Third, companies must conduct privacy impact assessments on their products and services in the development stage. How many years was the Pentium III chip in development before it was introduced into the marketplace. The consumer outcry and ensuing back-pedaling by Intel could have been avoided had the privacy implications of the chip's built-in serial number been assessed and dealt with up front. I am heartened to see that several companies have now assembled privacy advisory committees to help guide them in the development of their products.

Fourth, I do believe there is a need for Congress to enact legislation that provides individuals with a baseline of privacy protection on the Net by codifying the fair information principles. The 1998 Harris poll on Internet privacy found that just over half of those surveyed "favor government passing laws to regulate how personal information can be collected and used on the Internet."
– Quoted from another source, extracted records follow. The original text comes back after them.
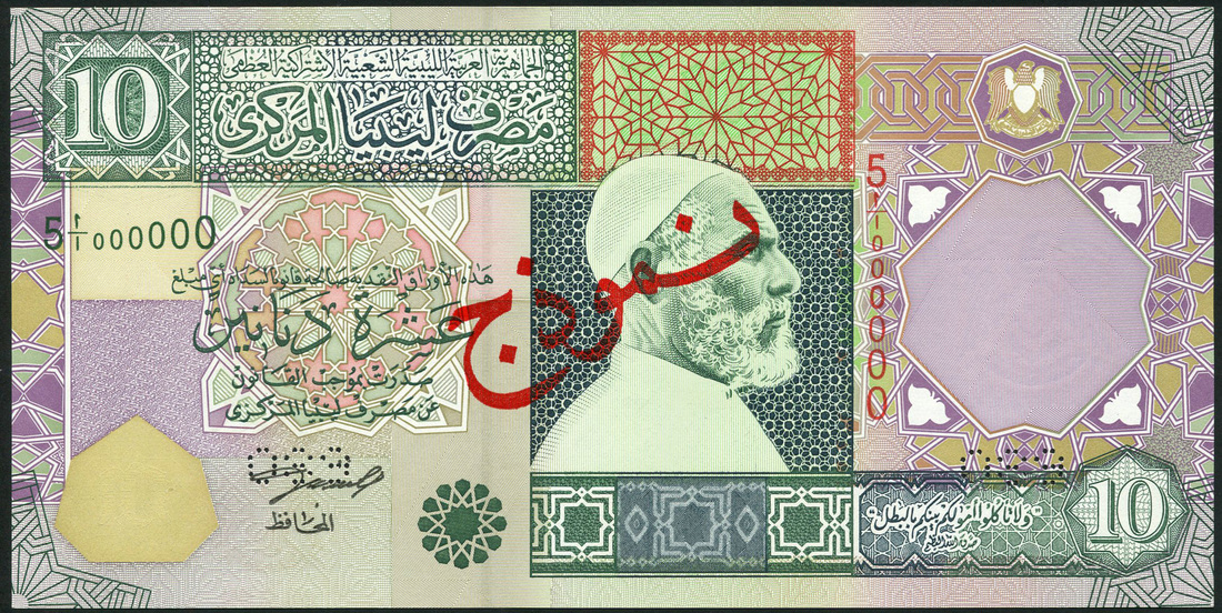 Central Bank of Libya, Socialist People's Republic, a specimen set from the 2002 issue comprising 1, 5 and 10 dinars, all multicolour with Mohamoud Zilitni signature and red SPECIMEN overprint in Arabic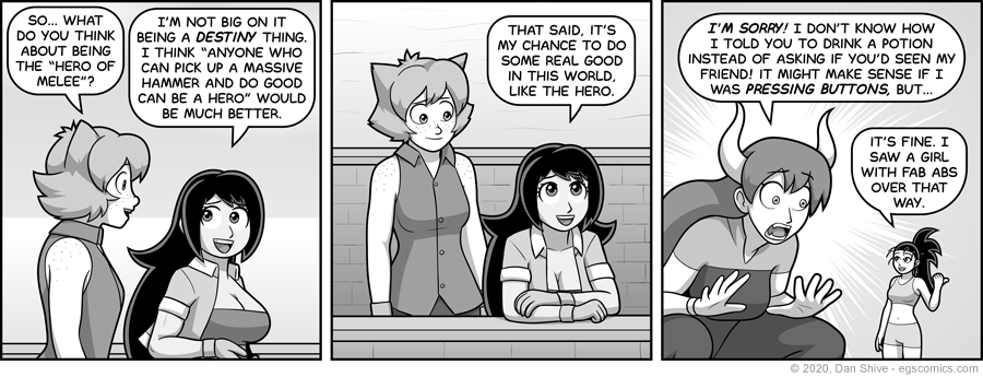 I needed something decidedly not-heroic for Susan to be doing in the last panel, and I'd recently been experimenting with changing buttons around in Fallout New Vegas.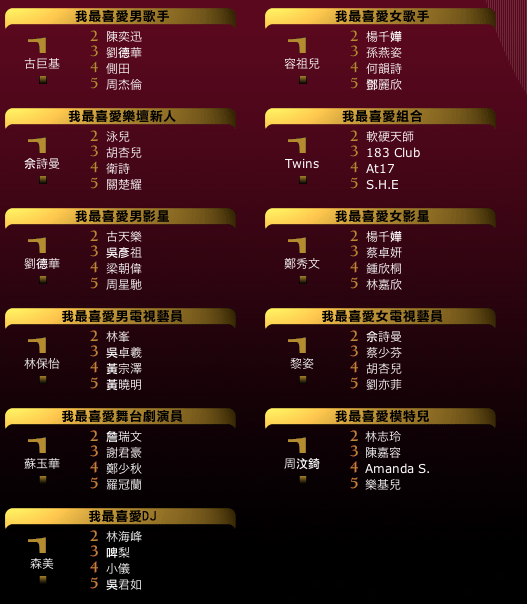 「我最喜愛男歌手」には四大天王(劉徳華、張學友、郭富城、黎明)に加え、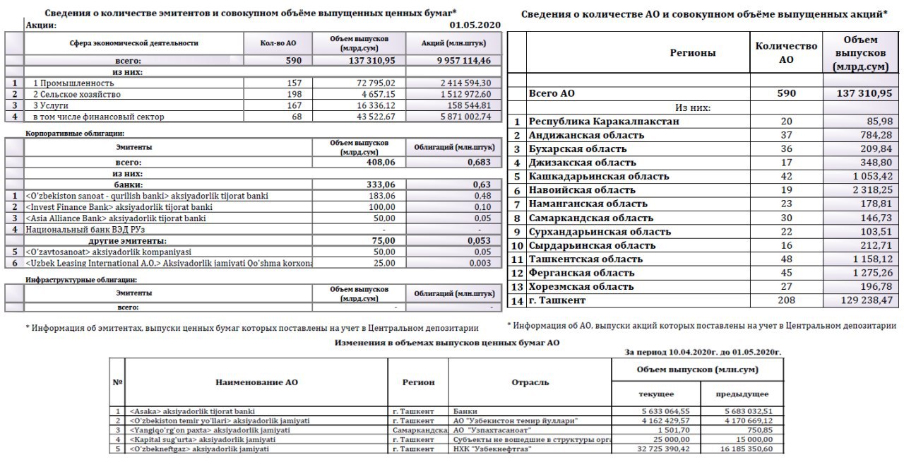 PS: 24 апреля был зарегистрирован дополнительный выпуск облигаций Капиталбанка на 50 млрд. сум, которого нет в данных ЦД по состоянию на 01.05.2020г.
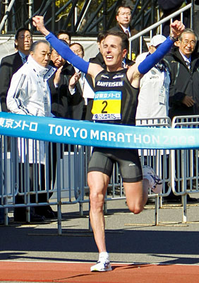 東京で優勝したロスリン選手は、マラソンに熱狂的な日本で英雄になった。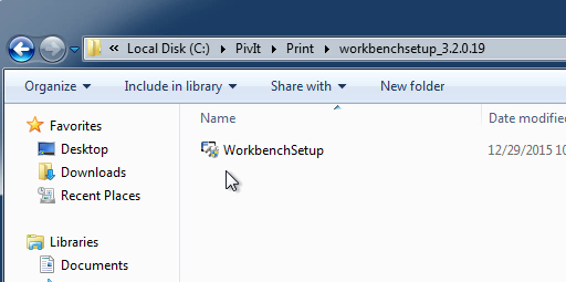 | 1 | Move to the Pivit\Print\workbenchsetup_3.2.0.19 folder. Run the WorkbenchSetup.msi |
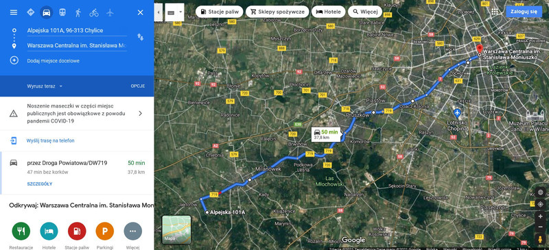 8 km do Drogi Ekspresowej S8 Trasa im. Bohaterów Bitwy Warszawskiej 1920

There is now a large body of evidence that industry self regulation is not working. While nearly two-thirds of the largest web sites have privacy policies, the vast majority of them are simply disclosure statements providing just two of the fair information principles, notice and opt out. Most policies omit the other principles such as access, accuracy, security, collection limitation, and accountability. Furthermore, we are learning that many companies are not in compliance with their existing policies. A study was recently released by the California Healthcare Foundation showing that many health-related web sites collect information from their visitors and disclose it to third party marketers contrary to their stated policies. (www.healthprivacy.org)

I look forward to the upcoming panels where issues such as industry self regulation and technology solutions are explored in depth.

With that I conclude my remarks. Thank you.